Many modern yogis and indeed many teachers practise to improve their yoga and to get recognition. When I started to train teachers in 1998 (must be getting old..) I had learned in India that the quality of a teacher grows proportional to their ability to perform asanas. Already back then my wife Monica summarily disagreed with this proposition. Although at the time I asserted myself by refusing to train students to become teachers who did not have a promising asana practice, I decided to study and compare the developing teaching capabilities of very gifted asana practitioners against those who were less endowed with abilities such as flicking in and out of lotus posture in midair, throwing both legs behind your head in midair, touching your sacrum to the back of your head in scorpion or lifting from sitting into a one-armed handstand or even one-finger handstand (yes, seen that…).

After watching my students for about 1-and-a-half decades grow into teachers and analyzing the data derived I had to finally agree with my wife that a stunning asana practice does not contribute much to making you a great teacher. In fact I now have to go further to say that it appears to be slightly detrimental to developing extraordinary teaching skills. That’s not what I expected but its what I came to realize from watching my students. It appears that the students who are struggling a lot and have difficult bodies with lots of physical obstacles have the greatest statistical likelihood to turn into great teachers. Why would that be the case? Simple! Because most students have difficult bodies and are struggling a lot, too!
Teachers who had lots of problems themselves can empathize with students because they’ve been there. I give you an example: Let’s say I tell a (appropriate) student to put their leg behind their head. If the student is super-flexible and can put their tibia (shinbone) beneath the TI vertebra my teaching is finished at this point. If however, I have a student that is very stiff in leg-behind-head and I have to take them through a five-year journey comprising of 30 sub-steps to get their leg behind their head, chances are they will be able to replicate this with their own students.

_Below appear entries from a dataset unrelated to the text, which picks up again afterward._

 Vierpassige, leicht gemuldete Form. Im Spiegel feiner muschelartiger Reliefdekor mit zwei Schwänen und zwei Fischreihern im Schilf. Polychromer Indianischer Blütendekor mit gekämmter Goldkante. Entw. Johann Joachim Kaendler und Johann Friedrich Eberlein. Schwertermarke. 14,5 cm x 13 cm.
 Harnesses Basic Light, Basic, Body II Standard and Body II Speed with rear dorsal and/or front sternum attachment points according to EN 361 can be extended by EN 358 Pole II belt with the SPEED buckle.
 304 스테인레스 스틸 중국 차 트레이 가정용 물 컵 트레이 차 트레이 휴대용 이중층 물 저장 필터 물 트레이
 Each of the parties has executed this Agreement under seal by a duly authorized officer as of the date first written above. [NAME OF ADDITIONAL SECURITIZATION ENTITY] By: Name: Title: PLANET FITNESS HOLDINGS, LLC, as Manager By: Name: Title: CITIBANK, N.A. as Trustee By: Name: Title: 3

To work through lengthy problems also develops humility in a teacher. It reminds me of the passage in the Mahabharata were Lord Krishna says good-bye to Kunti, the mother of the five Pandava princes. Kunti, one of only twelve people in the entire epos to have recognized him, knows that she will never see him again. She says “I will let you go only when you will send me for the rest of my life one calamity after the other. Because only when I have problems do I think of you.” “So be it’, says Krishna, and leaves.

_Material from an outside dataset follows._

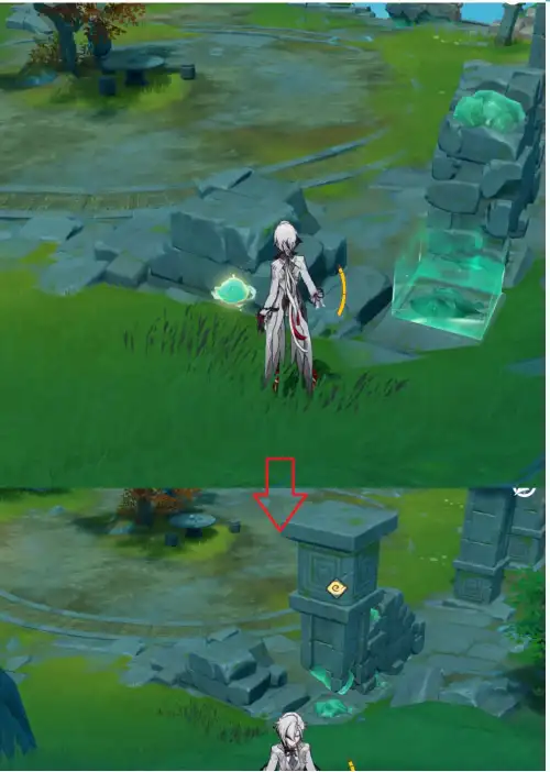 아래 사진 2개 발판이 같이 있는 곳에 큰 잔해 하나 작은 기둥 하나 놔두면 됨 |
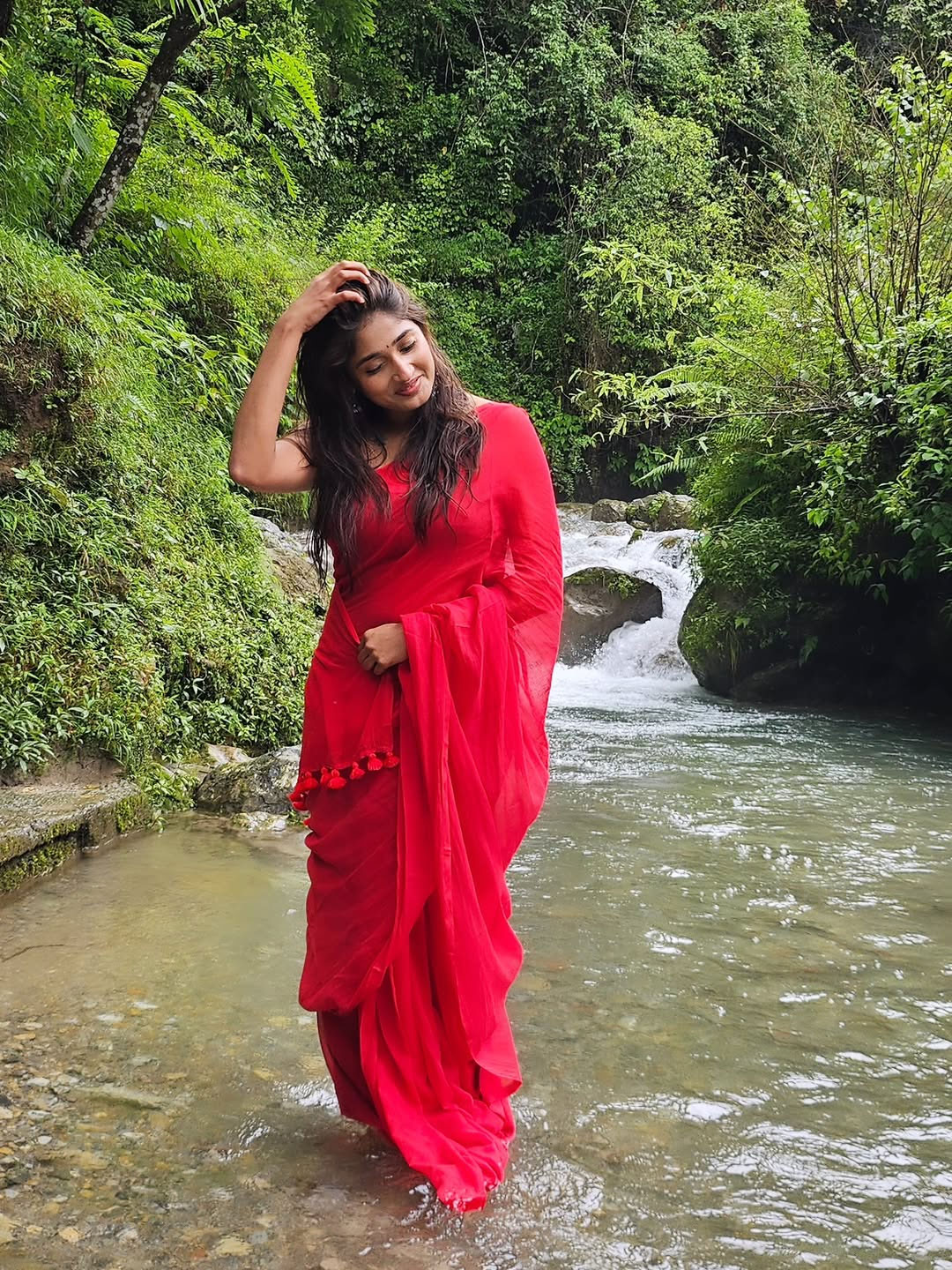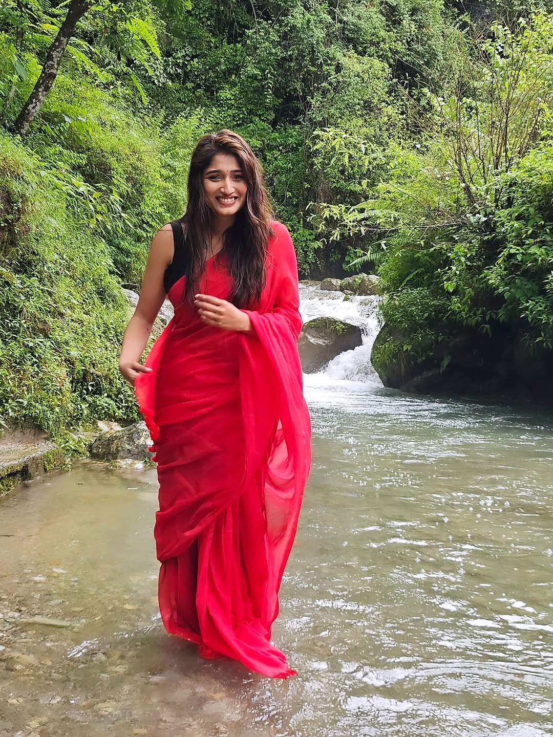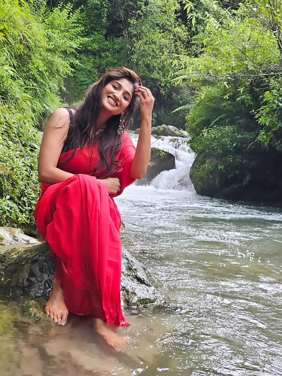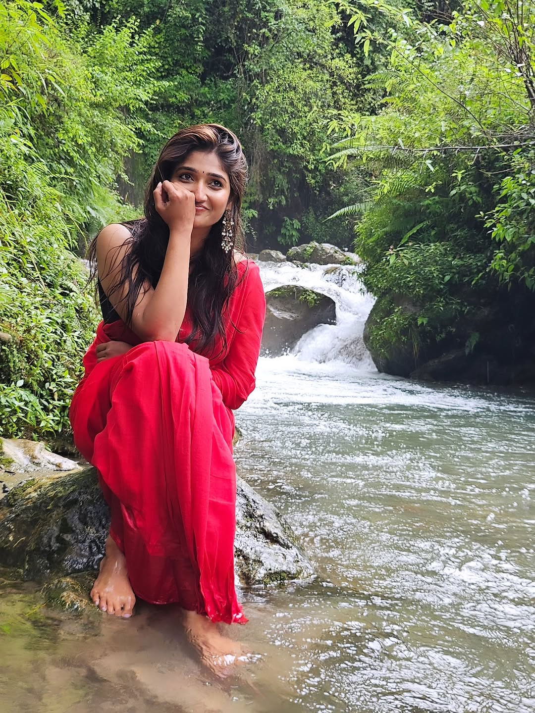 In the photo, Priya looks adorable in a bright red outfit as she sits on a rock near a calm stream with a waterfall in the background.

To make a long story short, I propose to judge a teacher not be their ability to perform the above ‘scintillating contortions’ but according to the following four criteria:
1. dedication to their own practice, extending also to forms of practise beyond postures
2. theoretical knowledge base of the subject and continuing effort to study it
3. communication skills, the ability to transfer the practical and theoretical knowledge to the student and to be understood
4. the capacity to give love to all students indiscriminately
A note to point 2: the theoretical knowledge base of yoga called ‘yoga shastra (scripture)’ is extremely large. While your knowledge will slowly increase, what will increase even more is your knowledge of what you do not know. That is an extremely important point! The most limited teachers are those who do not know what they do not know! Even T. Krishnamacharya when told that he was a guru said he was just a student of yoga.

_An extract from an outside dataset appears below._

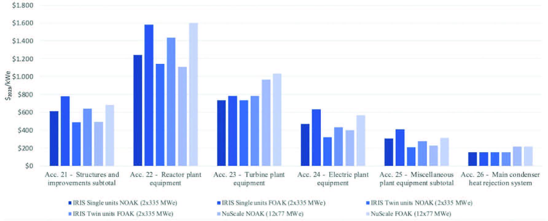 Benchmarking comparison of IRIS NOAK (2 × 335 MWe) with the two AP1000s (2 × 1078 MWe)_
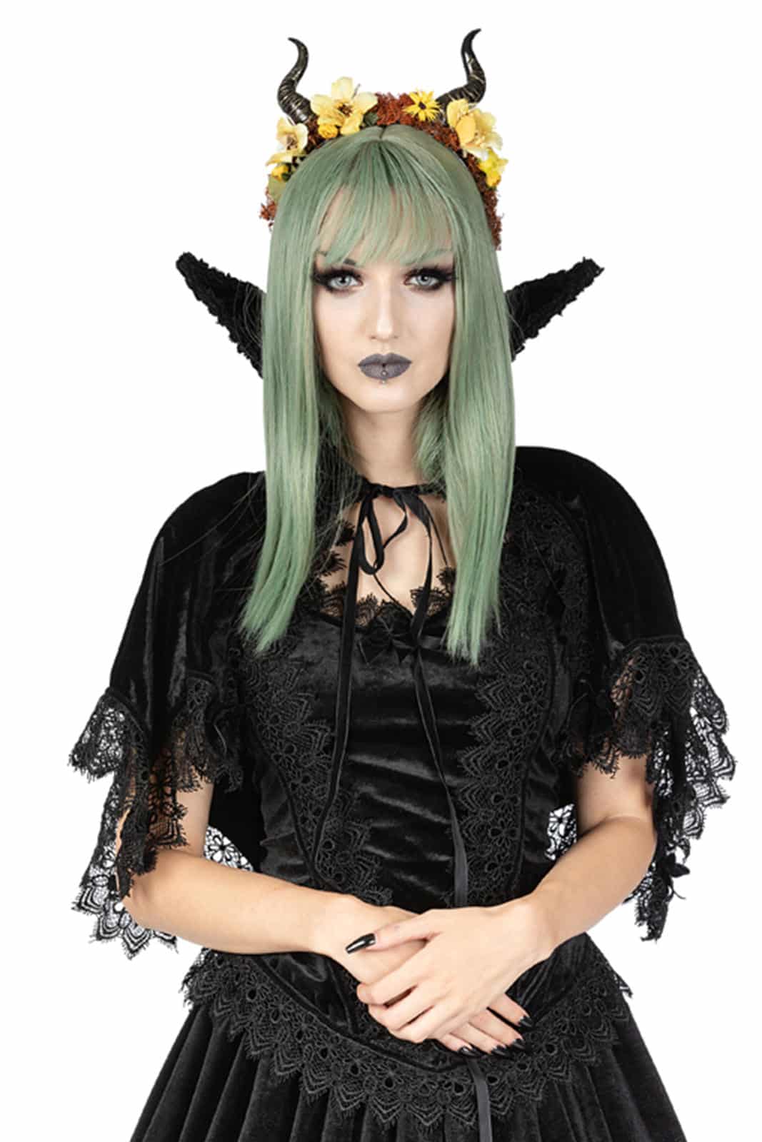 Samt-Umhang mit Vampir-Kragen, der sanft die Schultern bedeckt. Der untere Teil des Umhangs ist mit Spitzbögen geformt. Entlang des Saums der Bögen ist der Umhang mit venezianischer Spitze und schwarzem Samtband besetzt und jede Spitze ist mit einer großen Samtschleife verziert. Der steife Vampirkragen besteht aus zwei Lagen Samt, um sowohl die Innenseite des Kragens als auch die Außenseite zu bedecken, und ist auf beiden Seiten mit venezianischer Spitze besetzt. Verschluss mit Samtriemen vorne.

A note to point 4: there are people who only love themselves, there are people who can extend this to love their family and friends and there are even people who can only love others. On of the reasons why yoga stresses to develop your love for the Divine is that it seems to enable people to transfer this evenly to loving themselves, their friends and people that they do have a troubled relationship with. There will be students that you experience conflicts with. When people in India great each other with folded hands they say “I recognize the Divine within you and because of that I love you, too.” That’s why we use this way of greeting in yoga.